Locate the line that contains "招标文件中货物需求一览表中新" in the entries below, then repeat it and every following line through the line that contains "Коврик для мыши", exactly, and no others.

■ The input ■
----------

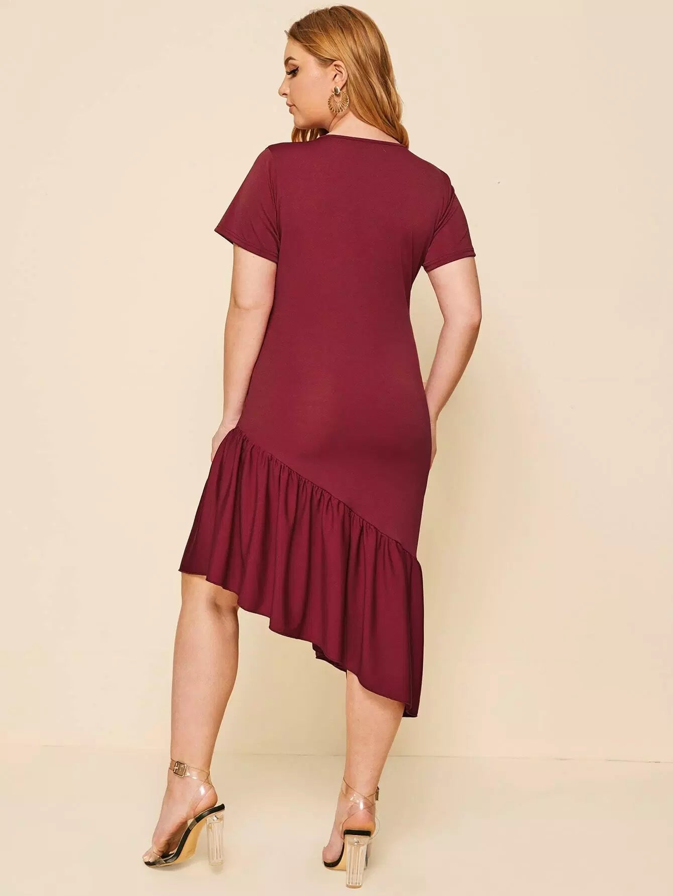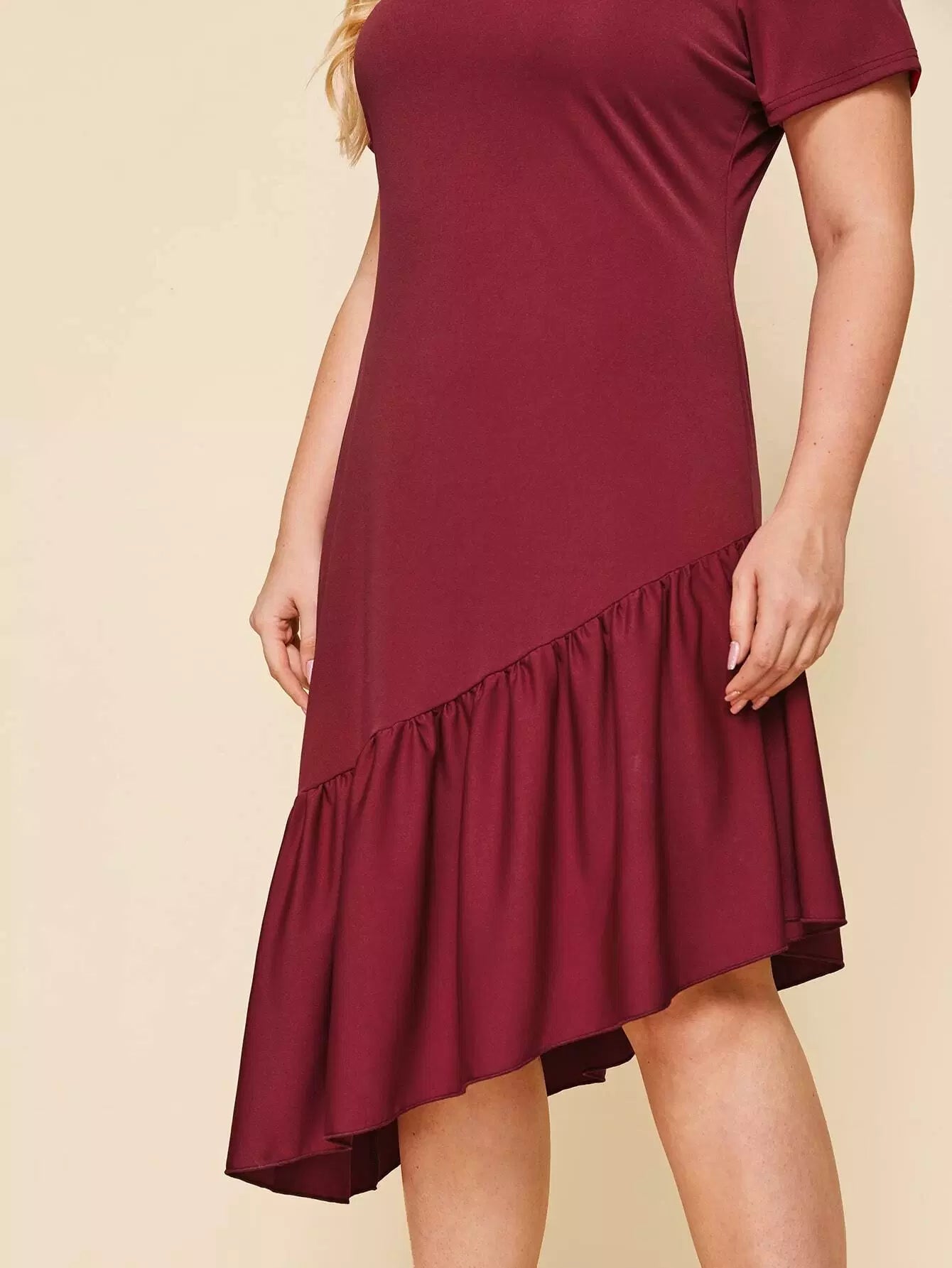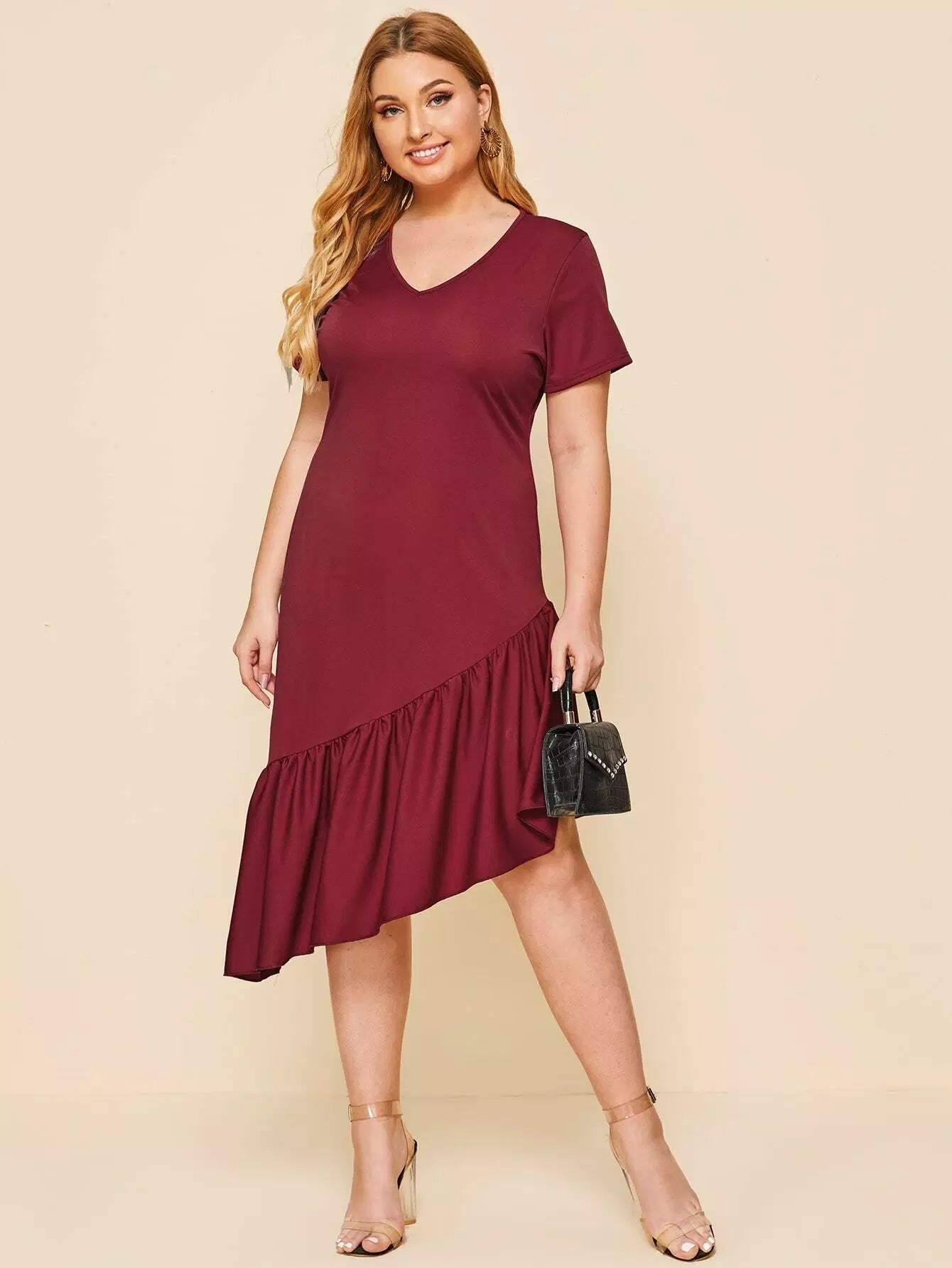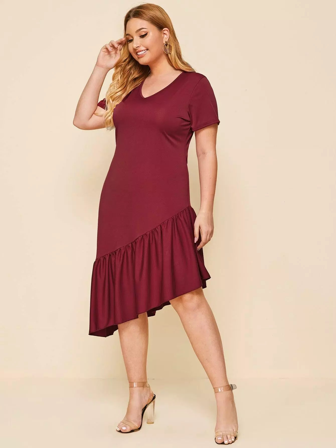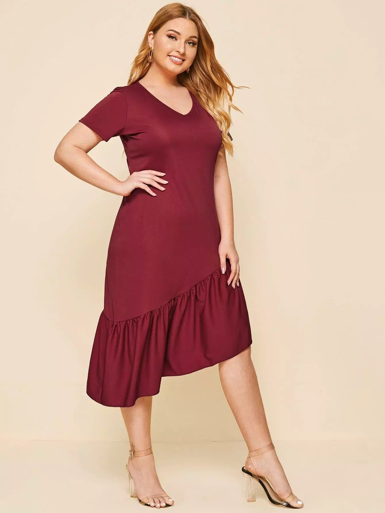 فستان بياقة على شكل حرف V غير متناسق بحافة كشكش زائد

----------

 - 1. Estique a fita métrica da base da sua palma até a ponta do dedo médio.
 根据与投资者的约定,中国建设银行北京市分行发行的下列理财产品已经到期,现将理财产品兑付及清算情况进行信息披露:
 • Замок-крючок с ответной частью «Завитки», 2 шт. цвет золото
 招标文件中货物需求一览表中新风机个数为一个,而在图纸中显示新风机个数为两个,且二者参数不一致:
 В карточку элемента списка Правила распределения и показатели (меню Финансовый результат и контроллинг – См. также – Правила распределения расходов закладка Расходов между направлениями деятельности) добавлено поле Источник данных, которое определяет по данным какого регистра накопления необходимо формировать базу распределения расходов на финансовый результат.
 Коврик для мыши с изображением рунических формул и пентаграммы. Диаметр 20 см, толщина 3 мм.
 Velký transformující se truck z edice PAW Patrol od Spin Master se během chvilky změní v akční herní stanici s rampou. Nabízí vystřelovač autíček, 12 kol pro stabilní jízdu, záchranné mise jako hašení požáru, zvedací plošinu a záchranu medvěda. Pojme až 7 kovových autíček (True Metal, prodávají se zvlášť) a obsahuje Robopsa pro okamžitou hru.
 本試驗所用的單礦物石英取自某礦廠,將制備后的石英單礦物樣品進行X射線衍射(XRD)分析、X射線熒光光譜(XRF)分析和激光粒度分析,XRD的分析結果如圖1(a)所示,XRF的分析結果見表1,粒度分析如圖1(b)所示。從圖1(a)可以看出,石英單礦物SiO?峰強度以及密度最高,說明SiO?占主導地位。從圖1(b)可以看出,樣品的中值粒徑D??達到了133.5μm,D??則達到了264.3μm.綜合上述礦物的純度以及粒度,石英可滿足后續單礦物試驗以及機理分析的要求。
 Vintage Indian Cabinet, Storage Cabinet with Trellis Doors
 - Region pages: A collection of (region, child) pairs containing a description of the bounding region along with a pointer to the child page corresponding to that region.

----------

■ Response to the exercise ■
 招标文件中货物需求一览表中新风机个数为一个,而在图纸中显示新风机个数为两个,且二者参数不一致:
 В карточку элемента списка Правила распределения и показатели (меню Финансовый результат и контроллинг – См. также – Правила распределения расходов закладка Расходов между направлениями деятельности) добавлено поле Источник данных, которое определяет по данным какого регистра накопления необходимо формировать базу распределения расходов на финансовый результат.
 Коврик для мыши с изображением рунических формул и пентаграммы. Диаметр 20 см, толщина 3 мм.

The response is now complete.